# Forks



## johnmillie (20 Jun 2010)

I have a Carrera Vulcan and have been using it to commute to work, I have changed to road tyres on it but the front forks are very bouncy, would i benefit from changing them to fixed forks and if so how do you choose which will fit the best


----------



## AndyCarolan (20 Jun 2010)

johnmillie said:


> I have a Carrera Vulcan and have been using it to commute to work, I have changed to road tyres on it but the front forks are very bouncy, would i benefit from changing them to fixed forks and if so how do you choose which will fit the best



You could consider upgrading the forks to shocks with lockout such as something from the Rock Shox Tora range. That way, if you do intend on taking it off-road, you could still benefit from a better ride than rigid forks alone would give you


----------



## battered (21 Jun 2010)

I'd consider a second bike if you have the room. By the time you have bought a rigid fork and tyres you might be into the best part of £100. Somewhere is offering a *new* kona smoke hybrid at £200 (rrp330) right now, this is a vastly better bike for commuting. If yu try the great second hand adventure, you might get an even better deal.

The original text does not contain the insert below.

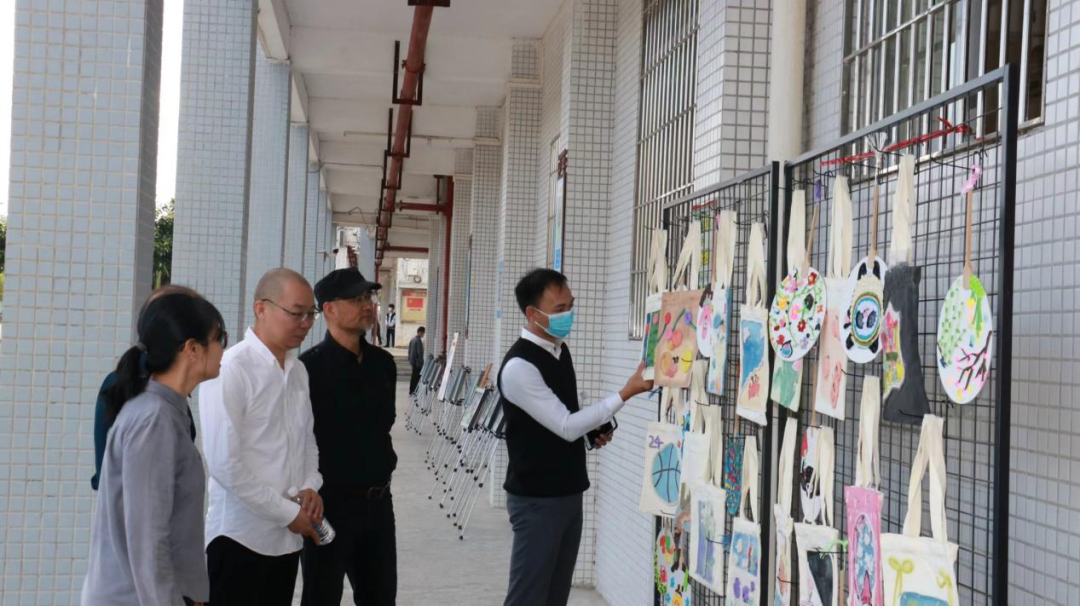 嘉宾参观了连麦中学艺术文化节美术作品展览

It helps to be handy with the spanners though, you can easily buy something someone else has failed to repair and have hours of fun sorting that out.


----------



## johnmillie (21 Jun 2010)

Thanks can you send a link to that somewhere


----------



## battered (21 Jun 2010)

Rutland cycles:
http://www.rutlandcycling.com/17873/Kona-Smoke-700c-Hybrid-Commuter-Bike.html

Winstanley bikes are doing £200 on the Deore geared version of the sme thing, which I think is the next model up.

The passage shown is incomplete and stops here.